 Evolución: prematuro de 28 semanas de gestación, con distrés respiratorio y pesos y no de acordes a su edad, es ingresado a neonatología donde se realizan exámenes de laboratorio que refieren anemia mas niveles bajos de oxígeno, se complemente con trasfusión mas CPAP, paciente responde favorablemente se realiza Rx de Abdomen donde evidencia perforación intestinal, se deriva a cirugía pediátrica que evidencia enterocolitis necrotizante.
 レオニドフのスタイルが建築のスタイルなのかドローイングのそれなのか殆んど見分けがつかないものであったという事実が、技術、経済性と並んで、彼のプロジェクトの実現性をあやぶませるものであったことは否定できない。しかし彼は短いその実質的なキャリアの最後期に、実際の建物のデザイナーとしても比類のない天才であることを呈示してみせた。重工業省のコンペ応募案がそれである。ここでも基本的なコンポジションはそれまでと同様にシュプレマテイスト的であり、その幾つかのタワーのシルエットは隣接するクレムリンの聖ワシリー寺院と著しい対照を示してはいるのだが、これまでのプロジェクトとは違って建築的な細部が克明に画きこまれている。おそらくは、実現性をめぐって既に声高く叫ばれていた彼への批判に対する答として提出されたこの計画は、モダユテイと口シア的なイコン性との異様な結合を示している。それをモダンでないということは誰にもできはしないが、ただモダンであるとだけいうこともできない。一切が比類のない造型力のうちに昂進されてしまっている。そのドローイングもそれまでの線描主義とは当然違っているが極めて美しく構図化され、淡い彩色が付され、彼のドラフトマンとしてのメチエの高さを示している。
- - - - -
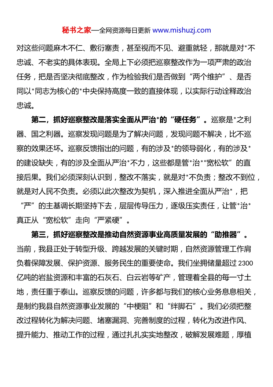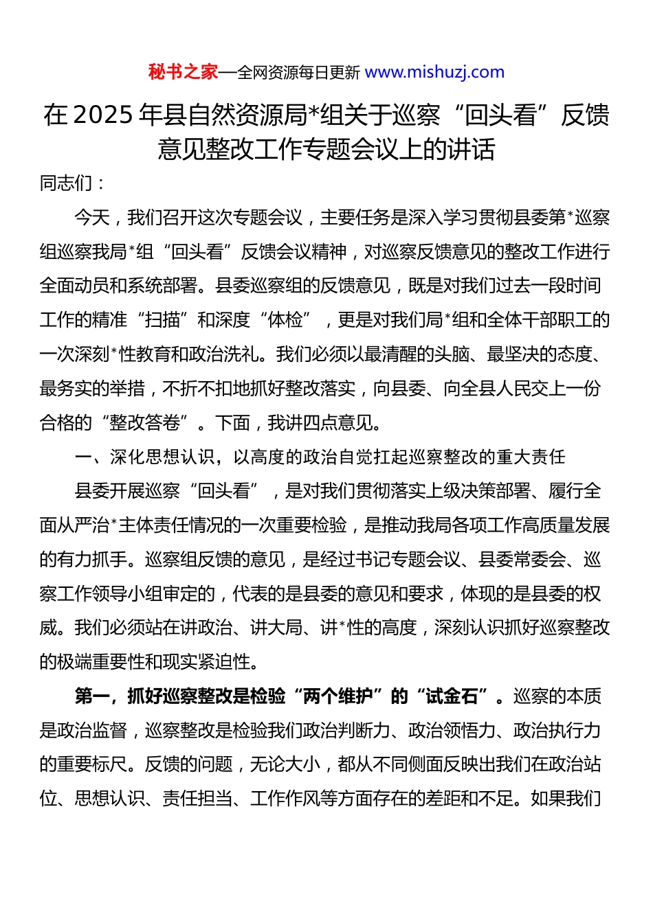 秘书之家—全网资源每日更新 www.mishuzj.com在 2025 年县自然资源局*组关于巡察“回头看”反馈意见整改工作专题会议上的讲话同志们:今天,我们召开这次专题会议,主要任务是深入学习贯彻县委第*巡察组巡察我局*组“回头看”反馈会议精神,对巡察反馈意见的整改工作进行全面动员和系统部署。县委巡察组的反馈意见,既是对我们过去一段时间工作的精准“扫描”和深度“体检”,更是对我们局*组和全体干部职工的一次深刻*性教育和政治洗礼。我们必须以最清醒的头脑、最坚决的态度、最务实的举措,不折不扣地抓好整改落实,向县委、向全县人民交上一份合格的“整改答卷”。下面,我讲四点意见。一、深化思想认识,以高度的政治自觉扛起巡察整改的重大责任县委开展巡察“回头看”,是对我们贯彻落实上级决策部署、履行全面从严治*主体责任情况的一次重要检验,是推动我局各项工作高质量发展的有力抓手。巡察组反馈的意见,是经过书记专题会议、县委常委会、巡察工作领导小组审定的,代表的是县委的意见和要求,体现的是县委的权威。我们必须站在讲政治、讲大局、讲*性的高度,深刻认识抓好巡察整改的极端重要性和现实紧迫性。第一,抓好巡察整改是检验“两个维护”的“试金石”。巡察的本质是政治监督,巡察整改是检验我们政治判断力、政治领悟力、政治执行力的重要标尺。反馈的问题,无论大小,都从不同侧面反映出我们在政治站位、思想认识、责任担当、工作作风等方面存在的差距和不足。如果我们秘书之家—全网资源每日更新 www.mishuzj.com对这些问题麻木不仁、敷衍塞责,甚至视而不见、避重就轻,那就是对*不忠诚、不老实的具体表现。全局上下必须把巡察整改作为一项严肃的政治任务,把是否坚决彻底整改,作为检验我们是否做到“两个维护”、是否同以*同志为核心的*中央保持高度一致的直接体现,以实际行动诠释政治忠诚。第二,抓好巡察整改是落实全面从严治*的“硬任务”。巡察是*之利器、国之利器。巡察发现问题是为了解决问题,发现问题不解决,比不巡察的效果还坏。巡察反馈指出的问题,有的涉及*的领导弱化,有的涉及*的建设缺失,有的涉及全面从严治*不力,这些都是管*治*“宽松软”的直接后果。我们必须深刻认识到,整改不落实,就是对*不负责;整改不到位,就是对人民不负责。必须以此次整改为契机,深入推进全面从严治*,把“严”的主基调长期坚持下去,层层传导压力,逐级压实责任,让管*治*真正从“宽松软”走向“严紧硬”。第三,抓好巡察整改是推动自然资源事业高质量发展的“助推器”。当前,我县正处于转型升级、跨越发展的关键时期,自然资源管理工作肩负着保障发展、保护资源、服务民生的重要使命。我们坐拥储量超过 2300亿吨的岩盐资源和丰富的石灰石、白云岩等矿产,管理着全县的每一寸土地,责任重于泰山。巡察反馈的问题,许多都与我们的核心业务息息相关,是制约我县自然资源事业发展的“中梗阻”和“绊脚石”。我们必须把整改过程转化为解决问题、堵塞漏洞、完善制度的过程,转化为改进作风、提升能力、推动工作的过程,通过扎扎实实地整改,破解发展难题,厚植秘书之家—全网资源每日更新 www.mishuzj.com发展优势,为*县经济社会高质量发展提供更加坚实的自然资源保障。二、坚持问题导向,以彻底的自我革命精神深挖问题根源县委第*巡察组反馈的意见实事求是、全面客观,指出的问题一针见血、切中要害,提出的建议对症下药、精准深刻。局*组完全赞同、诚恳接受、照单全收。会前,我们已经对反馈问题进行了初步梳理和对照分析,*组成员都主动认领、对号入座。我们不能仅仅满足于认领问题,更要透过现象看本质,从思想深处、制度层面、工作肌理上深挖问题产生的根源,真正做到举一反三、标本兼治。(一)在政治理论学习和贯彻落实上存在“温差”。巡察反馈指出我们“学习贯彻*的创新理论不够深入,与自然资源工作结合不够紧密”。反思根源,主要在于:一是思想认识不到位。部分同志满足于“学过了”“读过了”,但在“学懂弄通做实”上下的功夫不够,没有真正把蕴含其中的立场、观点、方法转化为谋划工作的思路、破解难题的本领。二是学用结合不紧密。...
- - - - -
Proceeding from the line containing "Evolución: prematuro de" through the line containing "レオニドフのスタイルが建築の", transcribe the lines above exactly, both end lines included.

 Evolución: prematuro de 28 semanas de gestación, con distrés respiratorio y pesos y no de acordes a su edad, es ingresado a neonatología donde se realizan exámenes de laboratorio que refieren anemia mas niveles bajos de oxígeno, se complemente con trasfusión mas CPAP, paciente responde favorablemente se realiza Rx de Abdomen donde evidencia perforación intestinal, se deriva a cirugía pediátrica que evidencia enterocolitis necrotizante.
 レオニドフのスタイルが建築のスタイルなのかドローイングのそれなのか殆んど見分けがつかないものであったという事実が、技術、経済性と並んで、彼のプロジェクトの実現性をあやぶませるものであったことは否定できない。しかし彼は短いその実質的なキャリアの最後期に、実際の建物のデザイナーとしても比類のない天才であることを呈示してみせた。重工業省のコンペ応募案がそれである。ここでも基本的なコンポジションはそれまでと同様にシュプレマテイスト的であり、その幾つかのタワーのシルエットは隣接するクレムリンの聖ワシリー寺院と著しい対照を示してはいるのだが、これまでのプロジェクトとは違って建築的な細部が克明に画きこまれている。おそらくは、実現性をめぐって既に声高く叫ばれていた彼への批判に対する答として提出されたこの計画は、モダユテイと口シア的なイコン性との異様な結合を示している。それをモダンでないということは誰にもできはしないが、ただモダンであるとだけいうこともできない。一切が比類のない造型力のうちに昂進されてしまっている。そのドローイングもそれまでの線描主義とは当然違っているが極めて美しく構図化され、淡い彩色が付され、彼のドラフトマンとしてのメチエの高さを示している。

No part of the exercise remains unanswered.